TO DO — When you copy from the entries that follow, take only the lines from the one with "盤口、短頸、溜肩,肩下部飾對" down to the one with "Only 3 1/2 months", keeping both ends and dropping every picture.

MATERIAL FOR THIS TASK —
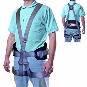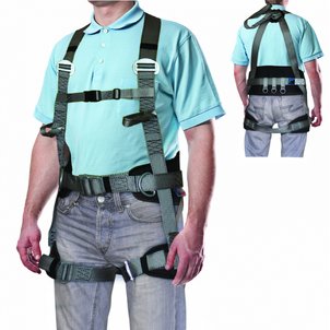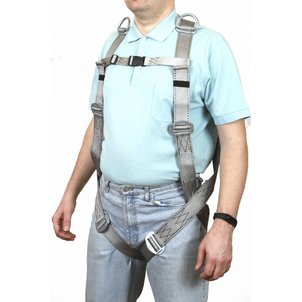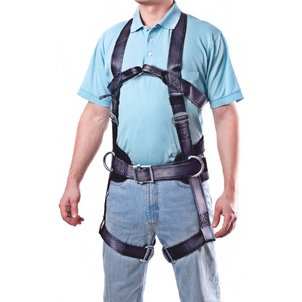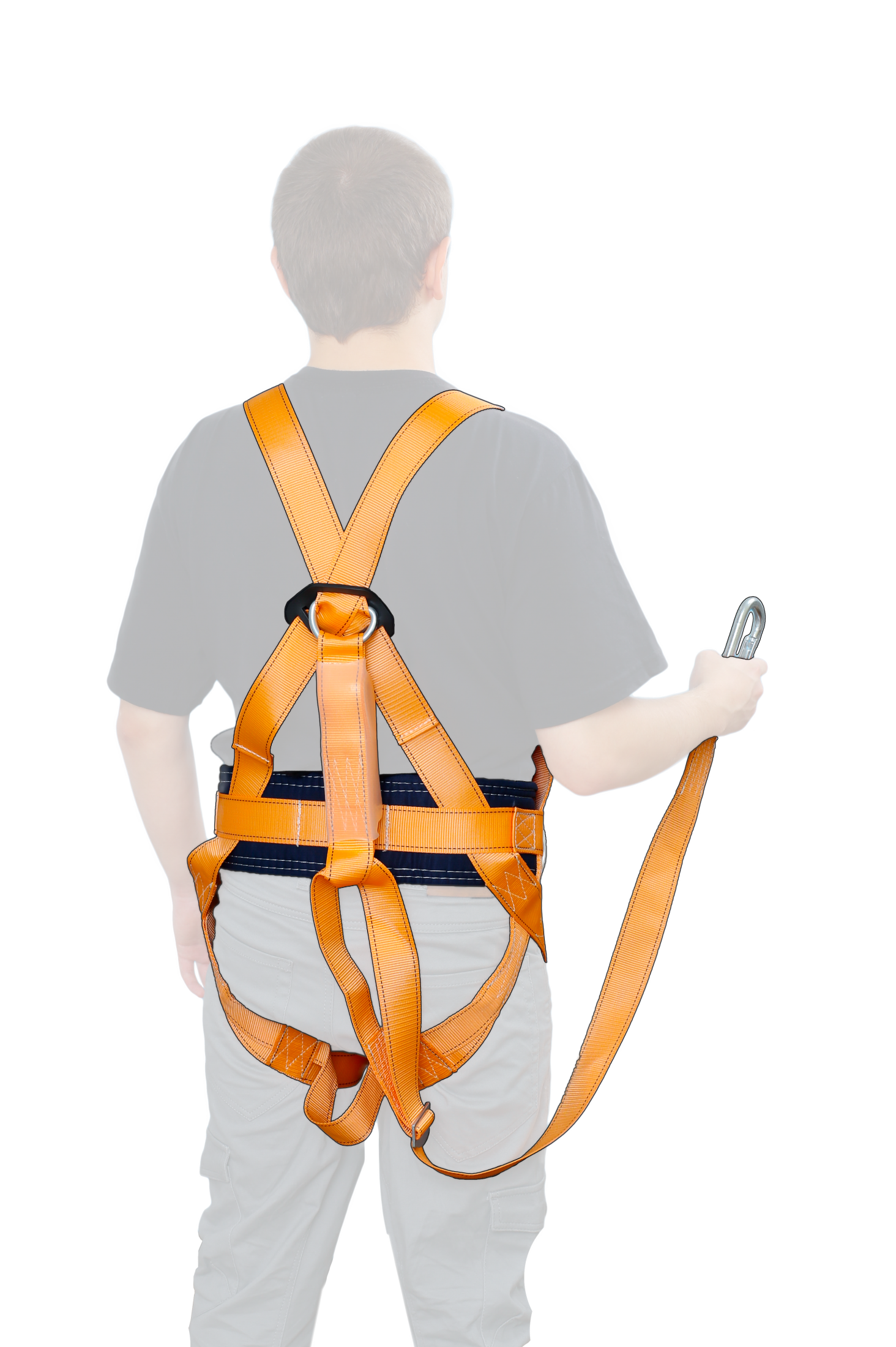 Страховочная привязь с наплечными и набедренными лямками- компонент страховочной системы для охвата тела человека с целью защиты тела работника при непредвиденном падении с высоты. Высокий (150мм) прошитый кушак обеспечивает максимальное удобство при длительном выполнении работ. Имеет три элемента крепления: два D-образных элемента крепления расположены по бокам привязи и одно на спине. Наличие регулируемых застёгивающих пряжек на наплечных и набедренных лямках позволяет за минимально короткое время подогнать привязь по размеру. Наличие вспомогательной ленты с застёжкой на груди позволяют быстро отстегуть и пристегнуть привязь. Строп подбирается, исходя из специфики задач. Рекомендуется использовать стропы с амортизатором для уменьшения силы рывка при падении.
--
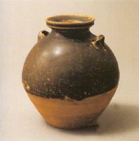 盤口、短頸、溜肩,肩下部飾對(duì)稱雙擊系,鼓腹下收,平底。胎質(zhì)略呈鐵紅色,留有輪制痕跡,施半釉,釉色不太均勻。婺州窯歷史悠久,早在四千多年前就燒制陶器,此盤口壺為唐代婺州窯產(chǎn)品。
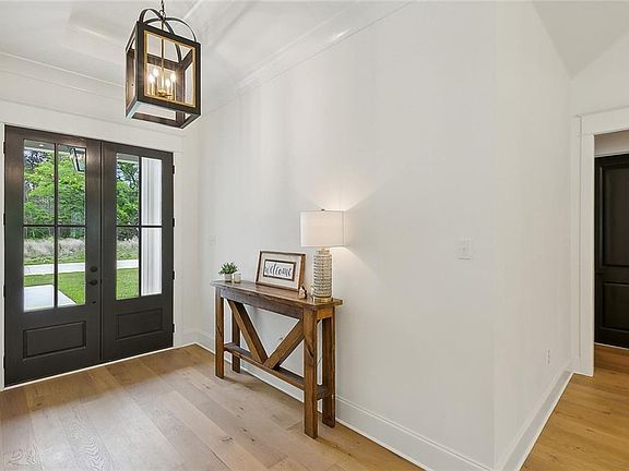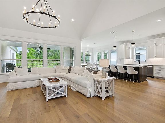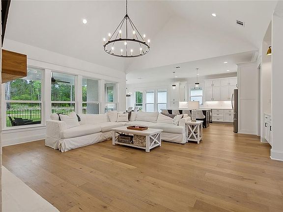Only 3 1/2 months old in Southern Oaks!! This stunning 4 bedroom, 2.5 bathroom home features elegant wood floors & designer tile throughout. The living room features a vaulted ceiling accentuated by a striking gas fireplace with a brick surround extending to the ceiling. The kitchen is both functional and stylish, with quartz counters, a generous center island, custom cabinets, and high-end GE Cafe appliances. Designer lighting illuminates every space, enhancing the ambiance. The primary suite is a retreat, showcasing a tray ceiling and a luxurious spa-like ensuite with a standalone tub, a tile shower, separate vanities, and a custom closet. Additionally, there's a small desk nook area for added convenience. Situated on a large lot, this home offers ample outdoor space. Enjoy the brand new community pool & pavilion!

WRITTEN RESPONSE —
 盤口、短頸、溜肩,肩下部飾對(duì)稱雙擊系,鼓腹下收,平底。胎質(zhì)略呈鐵紅色,留有輪制痕跡,施半釉,釉色不太均勻。婺州窯歷史悠久,早在四千多年前就燒制陶器,此盤口壺為唐代婺州窯產(chǎn)品。
Only 3 1/2 months old in Southern Oaks!! This stunning 4 bedroom, 2.5 bathroom home features elegant wood floors & designer tile throughout. The living room features a vaulted ceiling accentuated by a striking gas fireplace with a brick surround extending to the ceiling. The kitchen is both functional and stylish, with quartz counters, a generous center island, custom cabinets, and high-end GE Cafe appliances. Designer lighting illuminates every space, enhancing the ambiance. The primary suite is a retreat, showcasing a tray ceiling and a luxurious spa-like ensuite with a standalone tub, a tile shower, separate vanities, and a custom closet. Additionally, there's a small desk nook area for added convenience. Situated on a large lot, this home offers ample outdoor space. Enjoy the brand new community pool & pavilion!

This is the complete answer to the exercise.